Born in Columbus, Ohio, Wolman, he grew up listening to his mother's classical and show-tunes records. Photography came to him as an escape.

"I picked up that camera and looked through the lens and I was able to quiet the chaos down and make sense of what I saw," he recalled a few years ago. "I was selecting the moments that had meaning for me. I knew it was something I'd be doing for a long time."

He studied philosophy at Northwestern University in Chicago before enlisting in the Army where he learned German at the Defense Language School in Monterey, Calif.

The Army sent him to West Berlin to do counterintelligence. There he shot his first published photo essay on the Berlin Wall in 1965. He also wrote the text accompanying the images.

His motto, "mixing business with pleasure since 1965," was born with that job.

When he left the Army, Wolman moved to Los Angeles where he produced ballet productions and shot publicity photos for the Kingston Trio.

He never used flash or formal studio sittings, preferring a casual approach appropriate to a laid-back era.

He was living in San Francisco's Haight Ashbury and 30 years old when he bumped into a Cal student who lived around the corner at a seminar on the pop music industry. Jann Werner wanted to start a rock magazine with San Francisco Chronicle music critic Ralph J. Gleason. Werner needed a photographer. And a $10,000 investment.

Wolman didn't have the cash, but agreed to be the publication's photographer on the condition it pay his film and processing costs while he kept the copyright to all of his images and got stock in the company.

For three years Wolman photographed the brightest lights in contemporary music, including Janis Joplin, Frank Zappa, the Who, Pink Floyd, Bob Dylan, Grateful Dead, The Doors, George Harrison, Miles Davis, Jimi Hendrix, Sun Ra, Muddy Waters, B.B. King, Jerry Garcia, Duke Ellington, James Brown, Little Richard, Joni Mitchell, Led Zeppelin, the Mothers of Invention, Tiny Tim and the Rolling Stones, among others.

Wolman recalled the atmosphere of those shoots. "We'd sit around and talk and I'd take pictures. There were a lot of changes going on and people would show it in the way they put themselves together -- long hair, granny glasses. For a photographer, it was a fucking gold mine."

He never used flash or formal studio sittings, preferring a casual approach appropriate to a laid-back era.

And he didn't use drugs. "There was no autofocus back then," he explained.

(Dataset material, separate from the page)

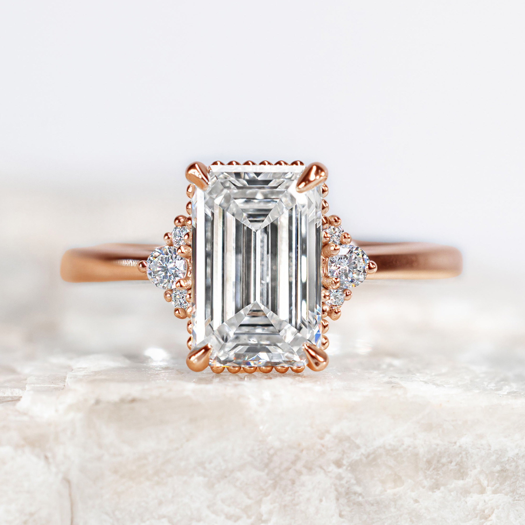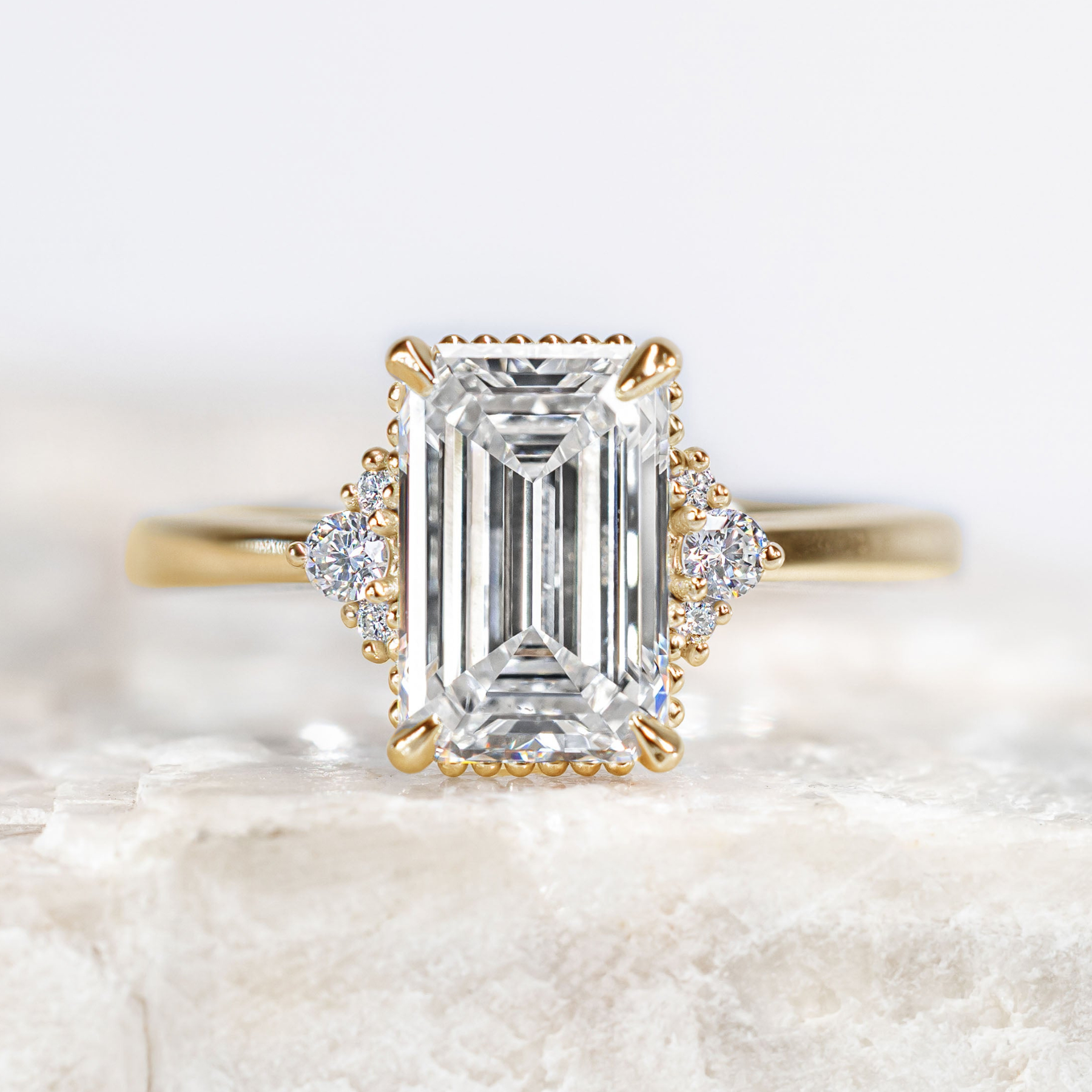 Mayfair is all about the vintage details, featuring a delicate cluster of three ethically sourced diamonds and subtle beading beneath the center stone for a touch of antique charm. Dainty and low-profile, this refined design often pairs effortlessly with wedding bands for a smooth, gap-free stack. Timeless and understated, Mayfair brings classic elegance to a beautifully compact silhouette.

To coax a smile out of Janis Joplin, who he said had a long face, he told her, "Janis, look, it's getting your picture taken. It's not like going to the dentist, for Christ's sake. Come on." And she'd smile.

He was older than most of the staff and unfamiliar with the concert scene.

"When I saw Townshend break his guitars, which was totally unexpected, it shocked me," he recalled. "Here he is destroying the thing he's playing music with. I didn't realize that was part of the show and they had more guitars. But moments like that were for me very important, central experiences."

He shot 22 covers and countless features for the magazine.

"Baron Wolman had an unmatched feel for the moment when a performer sucked the flattery of a camera into himself or herself and so got people to come out of themselves, to drop their modesty and anonymity," Greil Marcus remembered in the 1,000th issue of Rolling Stone.

He left the publication after three years because, he said, "I felt I was making the same photographs with different faces. It wasn't a challenge for me anymore."

After leaving Rolling Stone, he started a fashion magazine called Rags that focused on street fashion rather than the fashion industry.

He published two books of his aerial photography, some of which he shot from his Cessna: California From the Air: The Golden Coast (1981), and The Holy Land: Israel From the Air (1987).

In 1974 he spent the year documenting the Oakland Raiders football team. That became another photo book, Oakland Raiders: The Good Guys, in 1975.

He moved to Santa Fe, N.M., in 2001 where he continued to photograph and publish books.

Among his several books of photographs are Classic Rock and other Rollers, Woodstock 1969 (where he was among the official photographers) and the Classic Rock Postcard Book.

When he was given the VIP award at the 2011 Classic Rock Roll of Honour Awards, he smashed his camera on stage in homage to Pete Townshend.